Daniel extendió el diario sobre el mueble de la tienda. Una de las noticias de la primera plana se refería al asesino en serie que operaba en la región y al último asesinato cometido en la ciudad más cercana. La policía estatal se encontraba trabajando en esa dirección.
Esa noche todo estaba tranquilo en el establecimiento. Levantó la vista. El reloj de pared marcaba quince minutos después de las diez. A la doce cerraría y se iría a casa en su bicicleta. La carretera era oscura y su madre le pedía que se cuidara, pero qué malo podría pasarle en un pueblo aburrido como Dry Creek.
Daniel era un muchacho que recién había terminado la secundaria. Decidió buscarse un trabajo de medio tiempo mientras figuraba qué hacer con su vida. Lo encontró en la gasolinera ubicada en las afueras. A casi nadie le gustaba el lugar y menos el horario.
Levantó la vista de la lectura al ver de reojo que un camión de carga se detenía junto a una de las estaciones de servicio. Ese era uno de los propósitos del lugar, brindarle atención a la mayoría de los conductores que iban fuera del estado, aprovechando la tranquilidad de la noche.
Un cliente que surgió de la nada entró a la tienda y se dirigió a la sección de bebidas alcohólicas. Daniel no le prestó atención, estaba concentrado en el hombre corpulento que descendía del camión con dificultad. Una vez en tierra fue a la parte trasera del vehículo y lo abrió. Luego hizo un gesto como de quien está molesto porque algo no había salido bien. Entro a la tienda y se dirigió a él.
—Tengo un problema con mi carga. Se ha movido en el trayecto y necesito algo con que sujetarla. ¿podrías ayudarme?

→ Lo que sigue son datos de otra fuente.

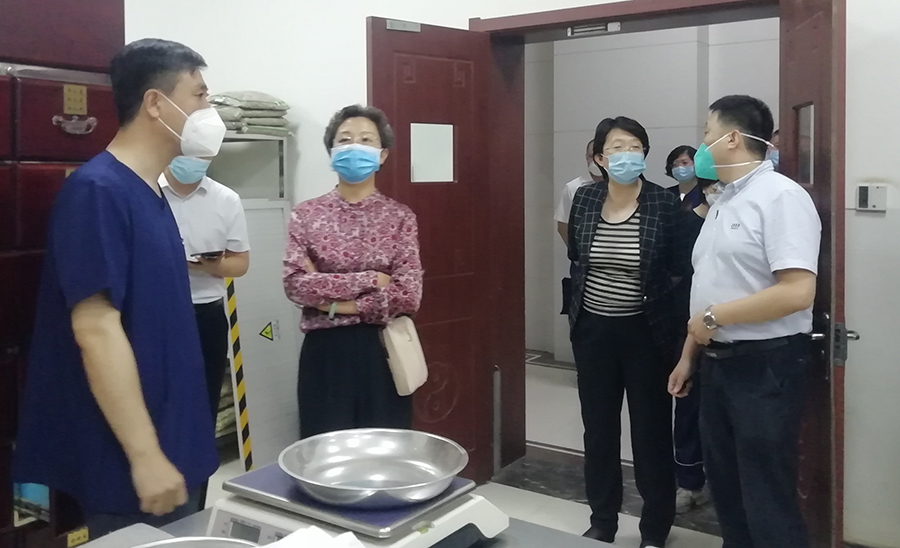 调研一行人对医院多点位进行调研。在急诊大厅,副院长杨启光将医院先进的诊疗设备、煎药设备、煎药操作流程、处方调剂审核制度等一一向王桂敏做了详细介绍。
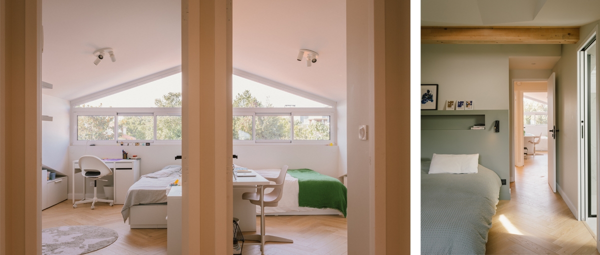 On accède ensuite par un escalier léger et transparent aux trois chambres de l’étage.
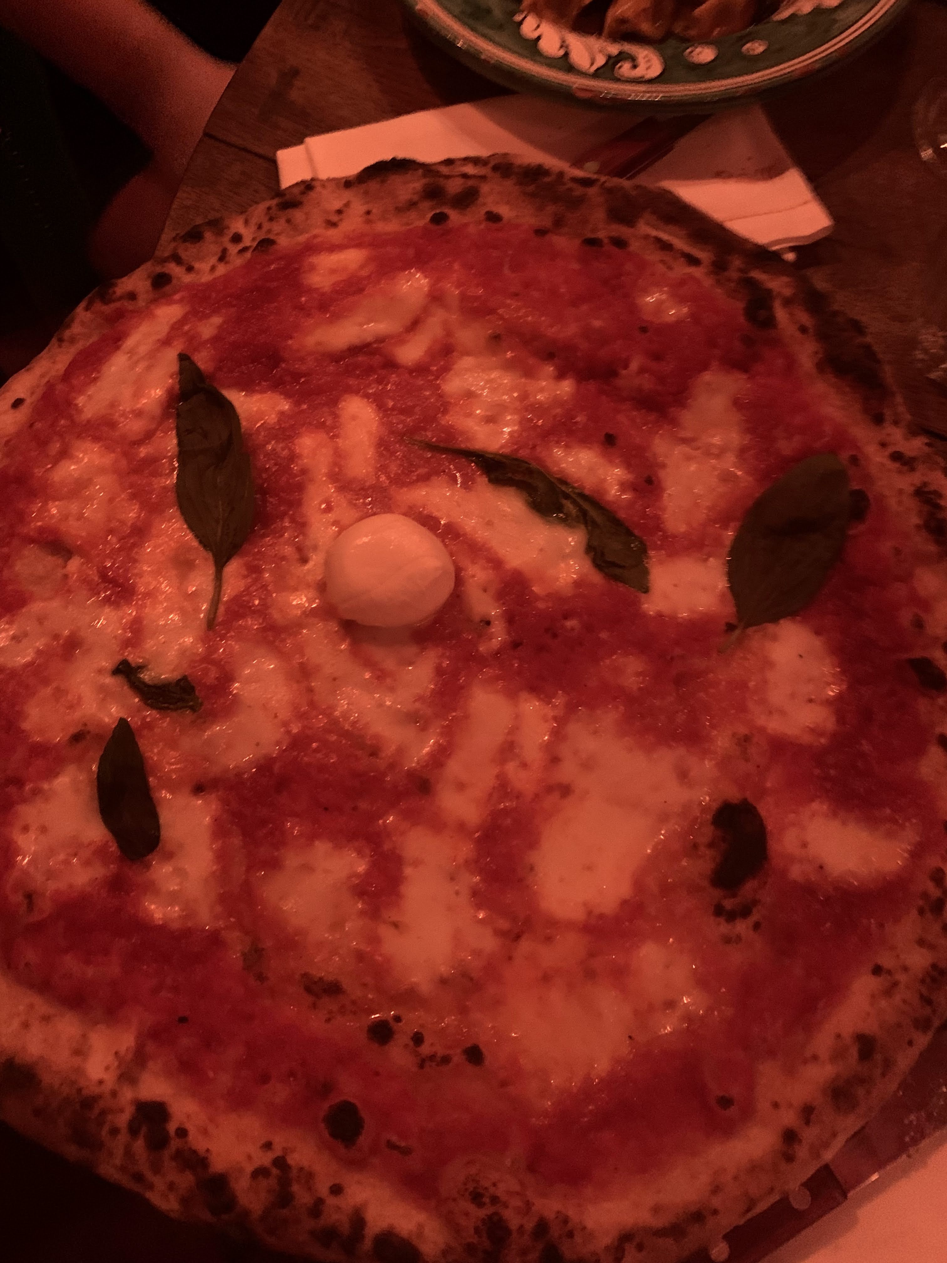 La pizza était bonne mais manquait de sauce tomate ainsi que d'un filet d'huile d'olive. La mozarella ne semblait pas être une fior di latte. La pâte est très bonne et le reste aussi. Le prix n'est pas justifié (18€) pour la pizza en question. Je reviendrai peut-être goûter la Margherita.

—Seguro —dijo el muchacho. Salió detrás del hombre y vio que las cajas que transportaba estaban ladeadas y que necesitaban ser ajustadas.
—Mira, tengo estas bandas con gancho en los extremos. Es solo ensartarlo en las ranuras que están a los lados.
Claro, pensó Daniel, era un viejo obeso y se vería en aprieto al intentar subirse al tráiler y luego sobre la carga. Pero algo le decía que no debía hacerlo. Quizás era su instinto de supervivencia o la voz de su madre que le pedía tener cuidado. Miró hacia el alero de la tienda: las cámaras apostadas eran falsas y la única que funcionaba era la que apuntaba hacia la caja registradora.
—Está bien —dijo Daniel—, pero ya regreso.
Entró a la tienda y encontró al comprador que cargaba una caja de cervezas y unas bolsas de papitas fritas.
—Oiga, puede acompañarme a sujetar una carga del conductor que está ahí afuera.
—Está bien —dijo. Dejó su compra un lado.
—Veamos cual es el problema —dijo siguiendo muchacho—. Vaya, la carga está ladeada. Eso es muy peligroso, sobre todo en las curvas de la carretera.
Se subió al vehículo por un lado de la puerta y le extendió la mano al muchacho para que se sujetara al coger impulso.
Lo que Daniel no sabía era que el sujeto era amigo del camionero y se había bajado del vehículo poco antes de que se estacionara frente a la tienda. Se percató de ellos tan pronto vio que el hombre en tierra cerraba las puertas del tráiler y el cómplice le propinaba un golpe con un objeto romo.